4.4 Example of Construction Keygrpah, Identifying Topic Features and Document Clustering (K-means with Cosine Similarities) Using Topics

Consider the graph in the above Fig. 1, the nodes represent the keywords and the edges represent the co-occurrence of the two keywords between which it is present. Consider all the edge weights to be equal to 1. The following table gives the values of betweenness centrality scores calculated for every edge using the Breadth First Search algorithm.

Fig. 1
An illustration of the initial keyword graph. It has edges and nodes with labels 1 to 10.

Initial keyword graph

Cosine Similarity

Let us say we have multiple documents and we need to determine the similarity between those documents. Let us name the two documents as document1 and document2 respectively. A document can be represented by a bag of terms or a long vector, with each attribute recording the frequency of a particular term (such as word, keyword or phrase) in the document. We will be having two term frequency vectors (d1 and d2). Table 2 shows that d1 and d2 denote term frequency in doc1 and doc2 respectively.

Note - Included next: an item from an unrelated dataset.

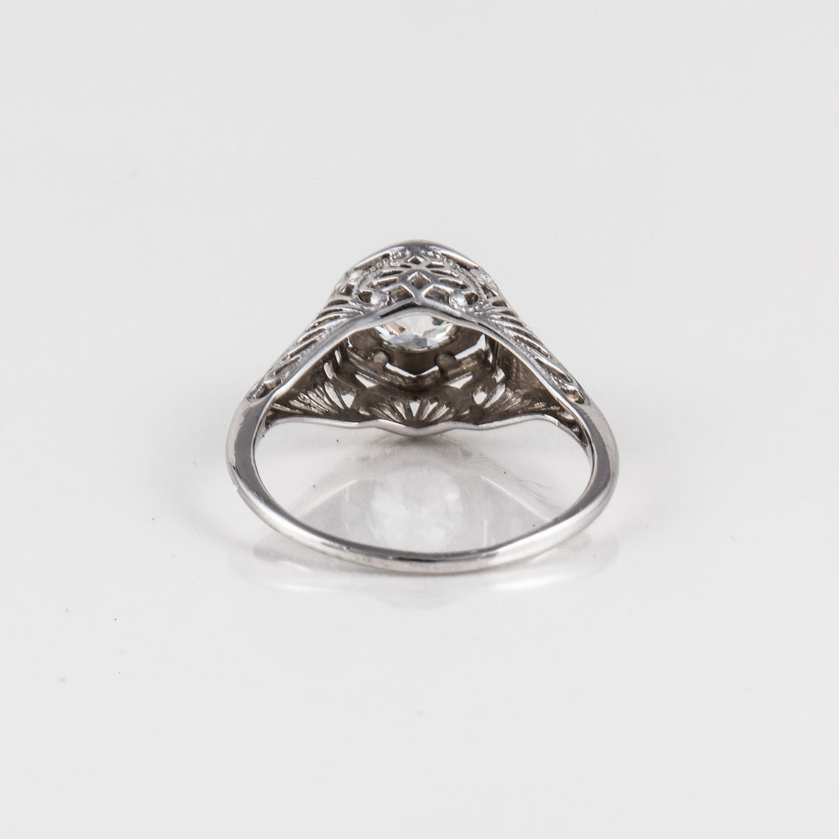 An Art-Deco filigree engagement ring featuring an Old European-cut diamond, set in 18K white gold. Circa 1920.

$$cos\theta =\frac{d1.d2}{\left|d1\right||d2|}$$

Finding similarity between document d1 and d2:

d1 = 5,0,3,0,2,0 and d2 = 3,0,2,0,1,1

  1. 1.

    First, calculate the dot product of these two documents

    $$d1.d2=5*3+0*0+3*2+0*0+2*1+0*1=23$$
  2. 2.

    Then calculate kd1kandkd2k

    $$\left|\left|d1\right|\right|=\sqrt{5*5+0*0+3*3+0*0+2*2+0*0}=6.164$$
    $$\left|\left|d2\right|\right|=\sqrt{3*3+0*0+2*2+0*0+1*1+1*1}=3.873$$
  3. 3.

    Calculate cosine similarity:

    $$\mathrm{cos}\left(d1,d2\right)=\frac{23}{6.164*3.873}=0.96$$

5 Experimental Setup and Results

We have used the above presented algorithms on batches of tweets formed by passing the live tweets coming from the spark streaming API by using a search keyword. Batch interval used for the experiment is 1 min in which 80–90 tweets are collected in one batch of spark. So, our one iteration of the algorithm runs on approximately 80–90 tweets. In the first step of the algorithm, a key graph is formed which contains nodes and edges between any two nodes if they co-occur. Here we obtained approximately 40 keywords(nodes). After that, clusters of keywords are formed from the key graph and then tweets are categorized into these clusters of keywords using cosine similarity (Tables 1 and 2).

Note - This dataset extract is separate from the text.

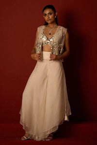Make a striking entrance with this Ivory Asymmetrical Jacket paired with elegant Organza Flared Pants. The jacket showcases intricate zari mirrorwork and delicate jaali detailing, offering a contemporary twist on classic craftsmanship. Complemented by lightweight, ethereal organza pants featuring a unique asymmetrical flare, this ensemble blends modern design with timeless elegance—perfect for sophisticated occasions.

Table 1 Betweenness centrality score
Table 2 Calculation example

5.1 Batch wise Key graphs And Categorization of Tweets

In this section, we have shown the results obtained by running the above approach in batches. The algorithm is applied on each batch and the results are hence depicted batch-wise.

Batch 1 Results In Fig. 2, the initial key graph and final graph of batch 1 results. The figure shows the graph formed initially after pre-processing of tweets and also filtering of keywords based on document frequency. Here, the keywords represent the node of the graph and the edges between them show their co-occurrence. The final key graph is the formed after clustering of keywords phase of the algorithm. It contains edges only between those nodes which belong to a particular cluster. Table 3 shows the tweets belonging to a particular category. For example, number 2 represents the tweet belonging to this category.

Fig. 2
2 illustrations of the initial and final key graph. It has edges and nodes that connect only to a particular cluster.

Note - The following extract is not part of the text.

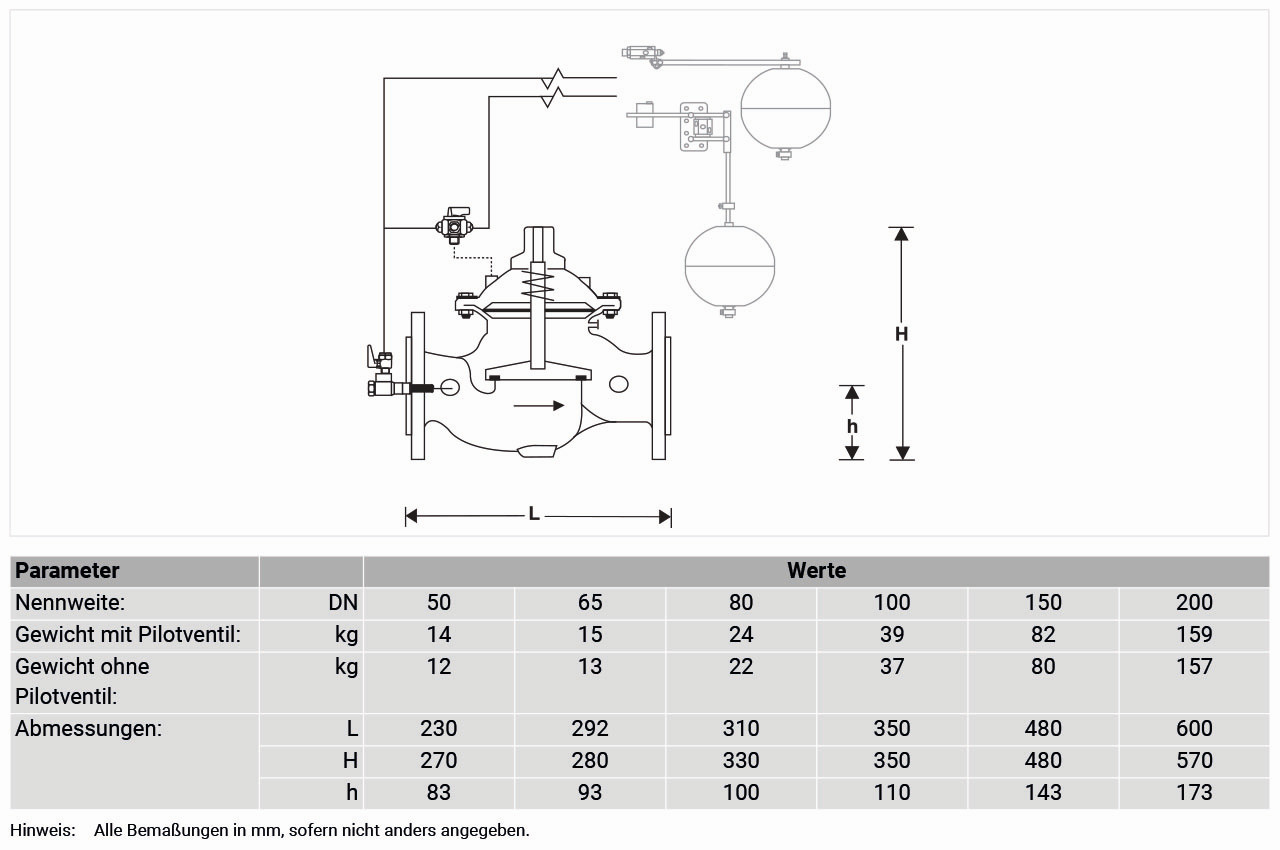 zum Einsatz in industriellen und gewerblichen Anlagen zum Befüllen von Hochbehältern/Behältern und Tanks, Steuerung durch das Eigenmedium über eine Impulsleitung mittels Schwimmerventil, Zertifizierungen DVGW, Medium Trinkwasser, max. Mediumstemperatur 80 °C, stat. Druck PN 16, min. Eingangsdruck 0,7 bar, max. Betriebsdruck 16 bar

Initial and Final Key Graph of Batch 1 Results

Table 3 Categorization of tweets btach-1

Batch 2 Results Similarly, for batch 2, Fig. 3 represents the initial key graph and final key graph. Table 4 shows the categorization of tweets.

Fig. 3
2 illustrations of the initial and final key graph of batch 2. It has edges and nodes that connect only to a particular cluster.

Initial and Final Key Graph of Batch 2 Results

Table 4 Categorization of tweets btach-2

6 Conclusion and Future Work

In this paper, we have used a key graph based approach for clustering keywords to find out events from live tweets. Presently, the batch interval used is small due to the amount of memory spark needed. Therefore, further work can be done to run the above algorithm on a distributed system so that algorithm can be run on a large dataset and can produce better results. Apart from that, the complexity of the algorithm becomes too high when used for live processing therefore, another approach needs to be formulated to reduce the complexity.